Replicable empirical machine learning research
Abstract: In the absence of mathematical theory addressing complex real-life settings beyond simplifying assumptions, the behavior and performance of machine learning methods often has to be addressed by applying them to real or simulation data and observing what happens. In this sense, methodological machine learning research can be viewed as an empirical science. Are the results published in this field reliable? When authors claim that their (new) method performs better than existing ones, should readers trust them? Is an independent study likely to obtain similar results? The answer to all these questions is probably „not always“. The so-called replication crisis in science has drawn increasing attention across empirical research fields such as medicine or psychological science. What about good practice issues in methodological empirical research – that considers methods as research objects? When developing and evaluating new machine learning methods, do we adhere to good practice principles typically promoted in other fields? I argue that the machine learning community should make substantial efforts to address what may be called the replication crisis in methodological research, in particular by trying to avoid bias in comparison studies based on simulated or real data. I discuss topics such as publication bias, cherry-picking/over-optimism, experimental design and the necessity of neutral comparison studies, and review recent positive developments towards more reliable empirical evidence. Benchmark studies comparing statistical learning methods with a focus on high-dimensional biological data will be used as examples.
Bio: Anne-Laure Boulesteix obtained a diploma in engineering from the Ecole Centrale Paris, a diploma in mathematics from the University of Stuttgart (2001) and a PhD in statistics (2005) from the Ludwig Maximilian University (LMU) of Munich. After a postdoc phase in medical statistics, she joined the Medical School of the University of Munich as a junior professor (2009) and professor (2012). She is working at the interface between biostatistics, machine learning and medicine with a particular focus on metascience and evaluation of methods. She is part of the Munich Center of Machine Learning, steering committee member of the STRATOS initiative, founding member of the LMU Open Science Center and president of the German Region of the International Biometric Society.
Reproducibility and replicability of computer simulations
Abstract: Since the early days of the reproducibility crisis, much progress has been made in understanding and improving computational reproducibility and replicability (R&R). What have we accomplished so far, and what remains to be done? I will concentrate on the state of R&R in computer simulations, i.e. experiments on computational models, leaving aside the additional complications of dealing with observational data.

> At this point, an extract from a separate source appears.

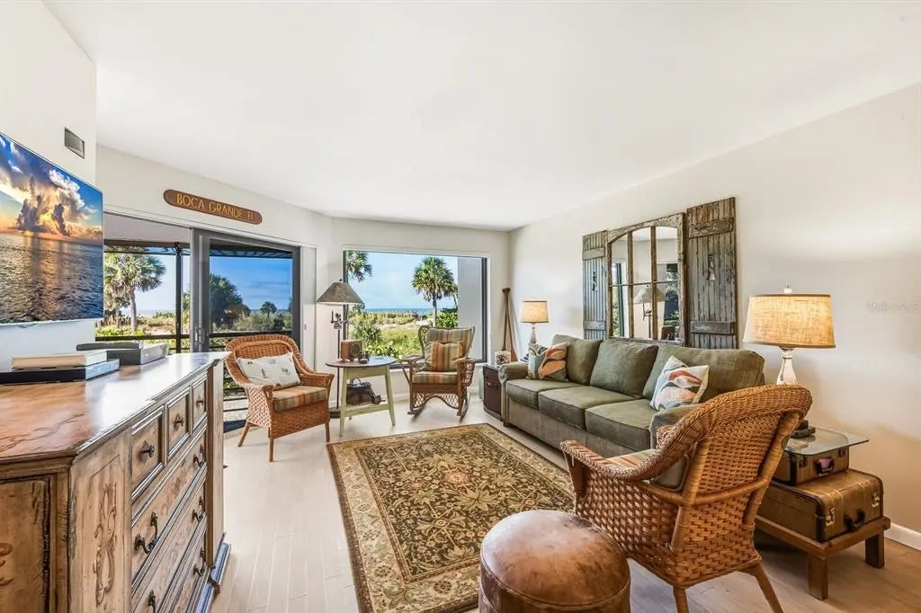 This first floor condo offers beautiful beach views & easy beach access directly from the screened gulf front lanai. Enjoy the refreshing gulf breezes while admiring colorful sunsets. The relaxing coastal vibe sets the tone for the perfect island retreat with one bedroom & one bathroom centrally located to all Boca Grande Club amenities, which include gulf front dining & Tiki bar, 3 pools, state of the art fitness center & 8 tennis courts. Membership initiation & fees required, please inquire for more details.

The questions I will address include: Should computer simulations be made reproducible? Why? At what cost? To the last bit, or on a “good enough” basis? Can we ensure reproducibility without repeating lengthy computations? Is replicability more or less important than reproducibility in scientific practice? How replicable are computer simulations today? What are the obstacles to better replicability?
Bio: Konrad Hinsen is a CNRS researcher at the Centre de Biophysique Moléculaire in Orléans and at the Synchrotron SOLEIL in Saint Aubin (France). His main field of research is computational biophysics, and in particular the structure and dynamics of proteins. A long-standing interest in improving the practices in computational science has lead him to research on scientific computing and to the development of software tools. In 1995, he was a co-founder of the Numerical Python project, which started the Scientific Python ecoystem inside which he then developed tools for molecular simulation. Today he is a contributor to the Guix project, focusing on its use in reproducible computations. He is also a co-author of two MOOCs on reproducible computational research, and a co-founder of the journal “ReScience C” that publishes replication work in computational science.